• **The data**:
- Opening Delimiter -
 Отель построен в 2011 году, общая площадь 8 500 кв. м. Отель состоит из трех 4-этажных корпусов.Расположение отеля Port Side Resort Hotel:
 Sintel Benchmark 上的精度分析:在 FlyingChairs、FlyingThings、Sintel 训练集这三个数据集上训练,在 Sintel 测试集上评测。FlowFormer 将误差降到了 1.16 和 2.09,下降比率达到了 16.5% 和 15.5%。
- Closing Delimiter -
- Opening Delimiter -
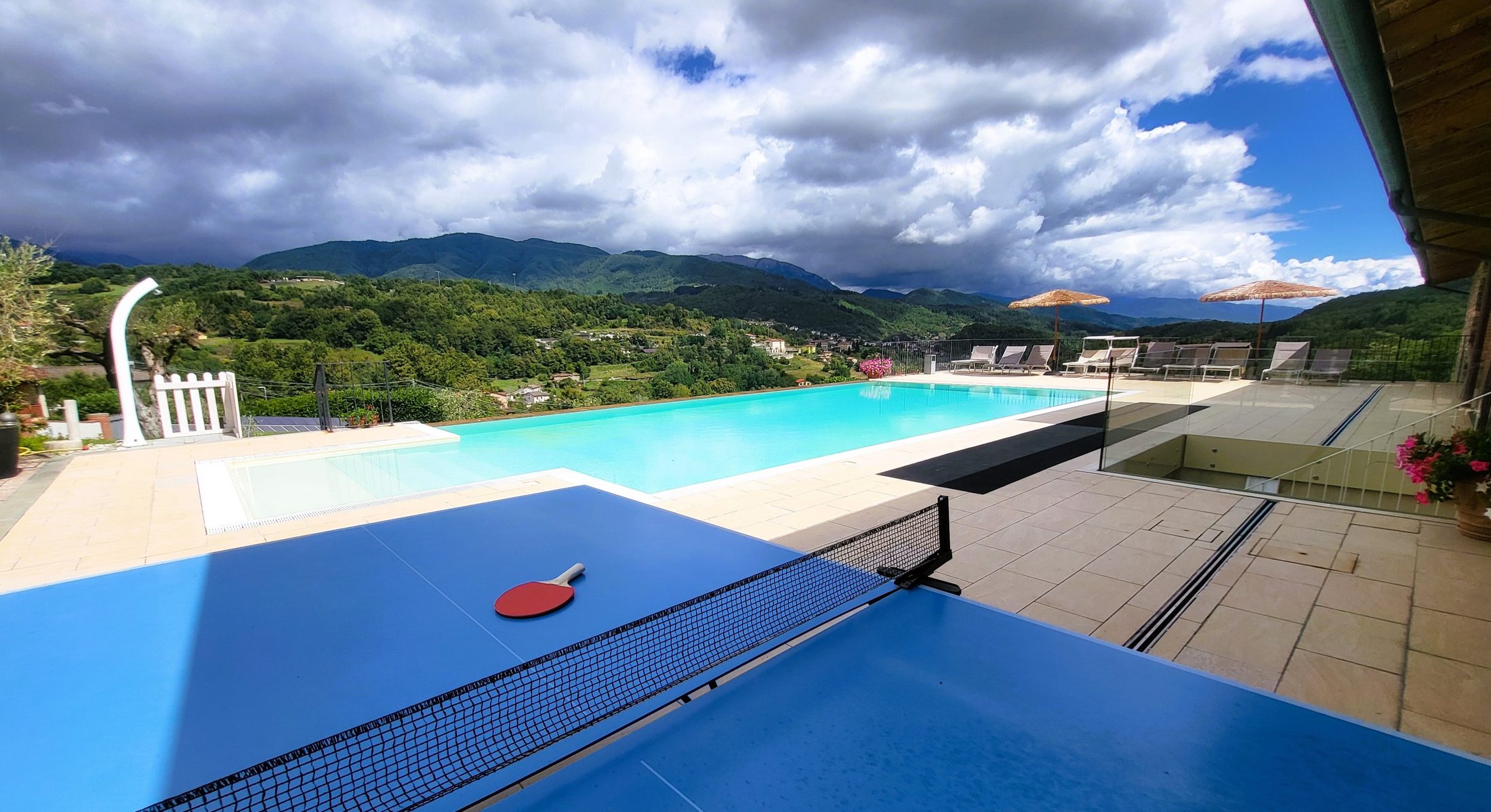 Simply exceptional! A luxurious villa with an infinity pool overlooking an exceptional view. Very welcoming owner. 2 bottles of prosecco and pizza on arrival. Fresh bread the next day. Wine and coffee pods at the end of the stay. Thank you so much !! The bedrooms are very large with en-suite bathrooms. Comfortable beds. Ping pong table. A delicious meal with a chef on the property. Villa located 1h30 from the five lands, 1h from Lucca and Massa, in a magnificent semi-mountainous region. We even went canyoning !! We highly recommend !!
- Closing Delimiter -
- Opening Delimiter -
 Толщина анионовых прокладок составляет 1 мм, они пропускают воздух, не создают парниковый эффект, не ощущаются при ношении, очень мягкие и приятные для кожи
- Closing Delimiter -
• **Your goal**: Take the entries above and return only the lines from the one with "Отель построен в" to the one with "Sintel Benchmark 上的精度分析:在", both included, unchanged.

• **Task answer**:
 Отель построен в 2011 году, общая площадь 8 500 кв. м. Отель состоит из трех 4-этажных корпусов.Расположение отеля Port Side Resort Hotel:
 Sintel Benchmark 上的精度分析:在 FlyingChairs、FlyingThings、Sintel 训练集这三个数据集上训练,在 Sintel 测试集上评测。FlowFormer 将误差降到了 1.16 和 2.09,下降比率达到了 16.5% 和 15.5%。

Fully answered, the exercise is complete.